## [Problem description]
Each entry below must be repeated exactly, with pictures left out.

## [Information provided]

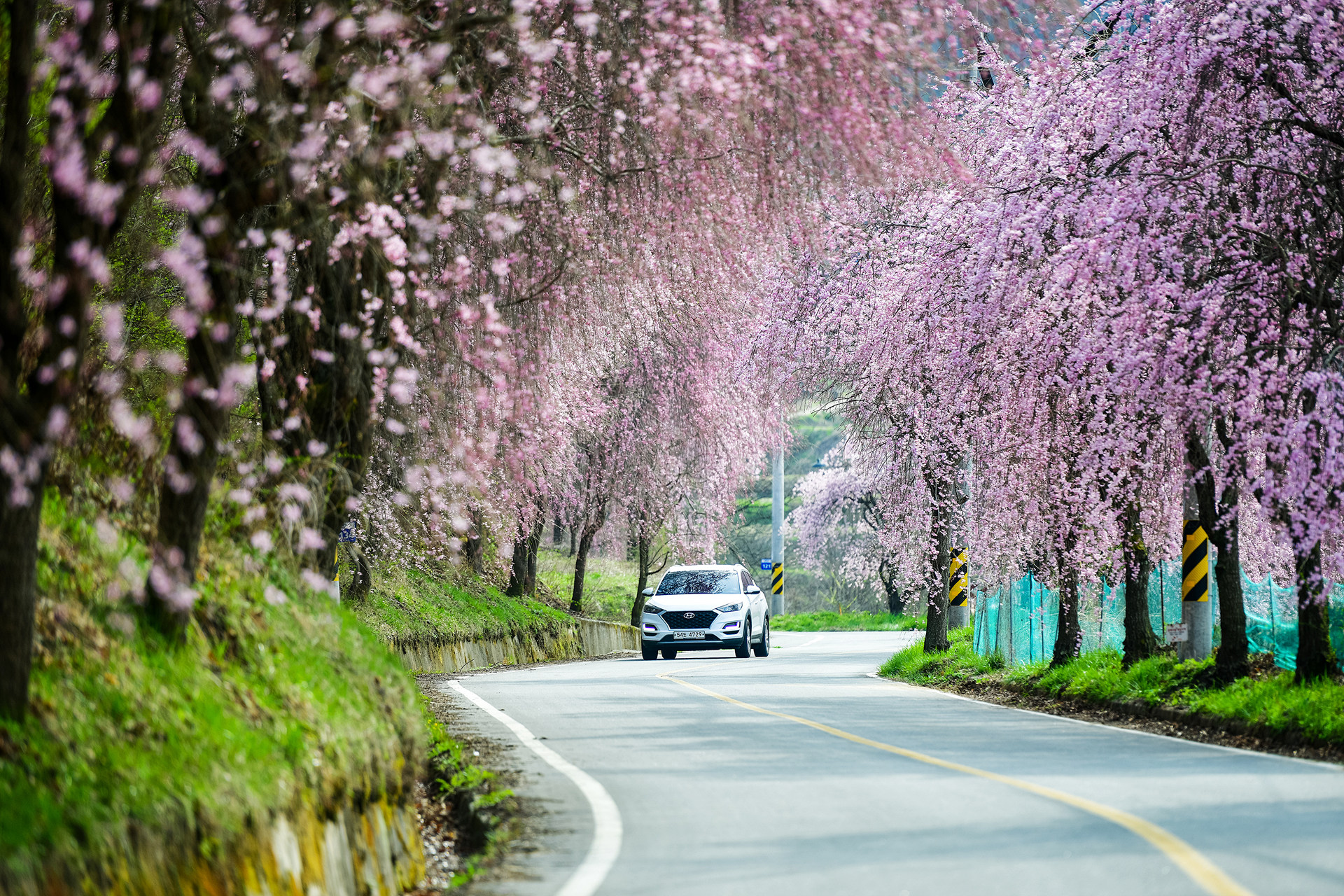 분홍색 수양벚꽃이 있는 거창에서
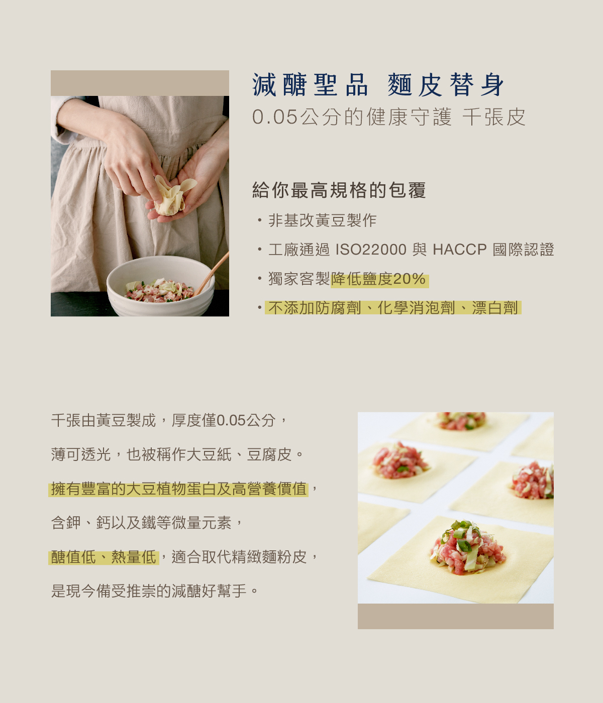 高麗菜、豬絞肉、千張豆皮(非基改黃豆、非基因改造大豆蛋白、甘油、鹽)、香油(大豆油、芝麻油)、水、醬油、青蔥、薑、紅糖、鹽、酵母萃取物
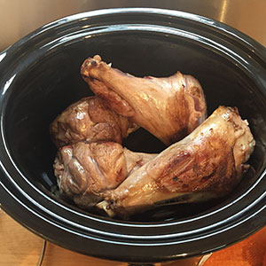 - Heat the oil in a large frying pan and brown the lamb shanks on all sides. Remove from the pan and place in the slow cooker.
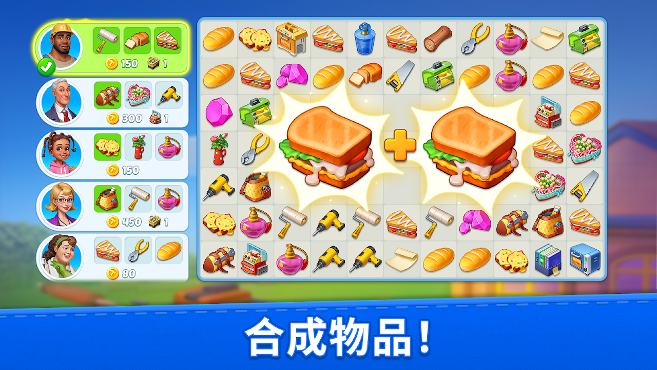 • 通過合併物品來重建整座城市,成為一位備受尊敬的家園設計大師!
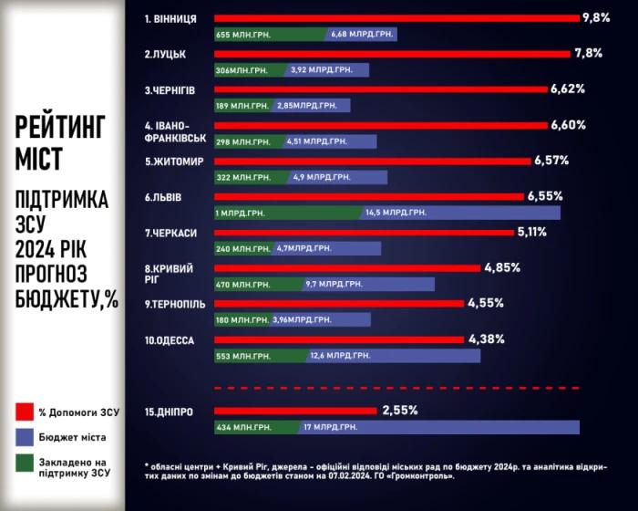 Оказавшийся на втором месте Луцк выделяет 7,8% средств, что составляет 306 миллионов гривен из общего бюджета 3,92 миллиарда гривен.
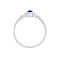 Bague Or Blanc 375/1000 Saphir Central Forme Ovale Accompagne Diamants Taille Baguette
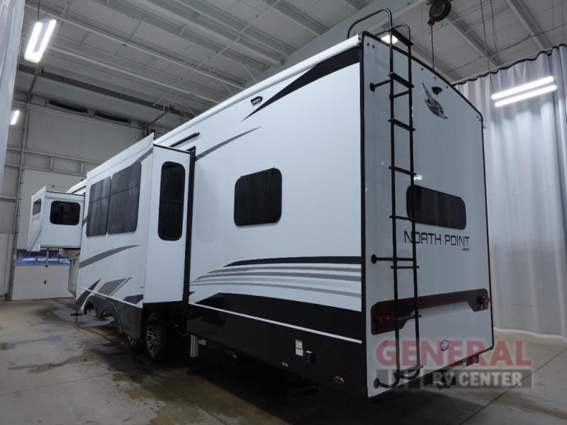 Step inside and you'll find a cozy haven that sleeps up to four people comfortably. The three slide-outs create a roomy interior, giving you and your travel buddies plenty of space to unwind after a day of exploring. The well-appointed kitchen is perfect for whipping up your favorite meals, and the inviting living area is ideal for kicking back with a good book or enjoying a movie night. The North Point's thoughtful design ensures that every inch of space is utilized efficiently, providing you with all the comforts of home while on the road.
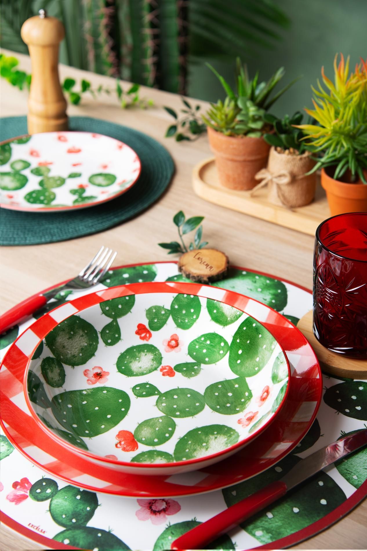 Con il servizio piatti Arizona di Excélsa ci siamo ispirati proprio al concetto di flora desertica e stile moderno. Nasce così un servizio piatti da 18 pezzi in porcellana con decorazione cactus e trama di tessuto simile alle tovaglie che si usano nei picnic.

## [Result for this exercise]
 분홍색 수양벚꽃이 있는 거창에서
 高麗菜、豬絞肉、千張豆皮(非基改黃豆、非基因改造大豆蛋白、甘油、鹽)、香油(大豆油、芝麻油)、水、醬油、青蔥、薑、紅糖、鹽、酵母萃取物
 - Heat the oil in a large frying pan and brown the lamb shanks on all sides. Remove from the pan and place in the slow cooker.
 • 通過合併物品來重建整座城市,成為一位備受尊敬的家園設計大師!
 Оказавшийся на втором месте Луцк выделяет 7,8% средств, что составляет 306 миллионов гривен из общего бюджета 3,92 миллиарда гривен.
 Bague Or Blanc 375/1000 Saphir Central Forme Ovale Accompagne Diamants Taille Baguette
 Step inside and you'll find a cozy haven that sleeps up to four people comfortably. The three slide-outs create a roomy interior, giving you and your travel buddies plenty of space to unwind after a day of exploring. The well-appointed kitchen is perfect for whipping up your favorite meals, and the inviting living area is ideal for kicking back with a good book or enjoying a movie night. The North Point's thoughtful design ensures that every inch of space is utilized efficiently, providing you with all the comforts of home while on the road.
 Con il servizio piatti Arizona di Excélsa ci siamo ispirati proprio al concetto di flora desertica e stile moderno. Nasce così un servizio piatti da 18 pezzi in porcellana con decorazione cactus e trama di tessuto simile alle tovaglie che si usano nei picnic.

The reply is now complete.